Over the years many improvements have been achieved in terms of the “sustainability” credentials of pigmeat production.  The on-going work on the Teagasc SignPost farms will help deliver the relevant messages to a much wider audience over the next few years.  This will be an important part of communicating the pertinent messages on this journey of improvement.

Future Focus

The emphasis in the future should be a renewed focus on the use of organic fertiliser (in the form of pig slurry/manure) to replace chemical fertiliser in the growth of grass and various tillage crops.  Podcasts, short videos and some news articles to disseminate the messages from these demonstrations have been developed and will continue to demonstate that pig manure/slurry can replace chemical fertiliser.

In collaboration with the Teagasc Tillage Specialists and relevant Advisors we have run a number of Demonstrations on farms to highlight this message.  We would hope to repeat this in the future.

It is expected that the use of renewable energy sources and bioenergy to replace fossil fuels (directly and indirectly) on pig farms will continue to increase on pig farms as a result of the economic savings that can be achieved in energy/fuel costs.

There are still challenges to be dealt with but we must focus on improving efficiency at all stages of the food supply chain while not compromising food quality. 

Efficiency Improvements over the years

It is important to recognise the achievements of the past and build upon those achievements.
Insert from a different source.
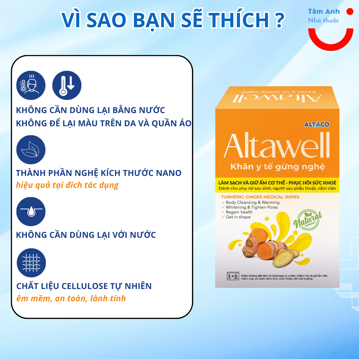 Khám phá 1 hộp SP Khăn y tế Gừng nghệ Altawell- Phục hồi sức khỏe, lấy lại vóc dáng-làn da có gì?

It is useful to look at 1990 as a base year (because it is a reference year in terms of the Kyoto Agreement which is often cited in relation to green-house gas emission targets) and compare current productivity and input usage.

Irish pig producers produced 1350kg of pigmeat per sow in 1990 (with an FCE from weaning to sale of 2.45).  This figure has improved to 2,549 kg of pig carcase weight/sow in 2021 and an average FCE of 2.39 from weaning to sale.  This was achieved by increased output/sow/year (i.e. 21.9 up to 28.1 pigs produced/sow/year) and increased slaughter weights (82 kg liveweight in 1990 up to 118.4kg liveweight in 2021).  While the drop in FCE weaning to sale is very small (2.45 to 2.39) it is very significant particularly when you factor in the rise in sale weight (as the FCE increases as the pigs get heavier).

The output of pigmeat produced per sow has increased greatly between 1990 and 2021 as shown above.  During this time there has also been a strong focus  on reducing inputs, in particular reducing feed usage per kg of pigmeat produced along with achieving greater efficiency in the use of other inputs  (such as energy, healthcare products, etc).  This is evident in the crude protein levels in diets used in 1990 compared to the reduced levels used today which has resulted in reduced excretion of surplus organic nitrogen in the pig manure. 

Also the level of phosphorus (P) excreted by pigs has greatly reduced from a figure of 26kg/sow plus progeny / annum in the early 1990s to a current level of 17 kg/sow plus progeny/annum.  This was achieved through more accurate formulation of diets on a digestible P rather than a total P basis, and by the use of phytase enzyme to improve the digestibility of plant bound P in the feed ingredients.

All of the changes through the years have improved the sustainability of the production process.  There is room for further progress and new technologies and innovations should further enhance the “sustainability” credentials of the sector.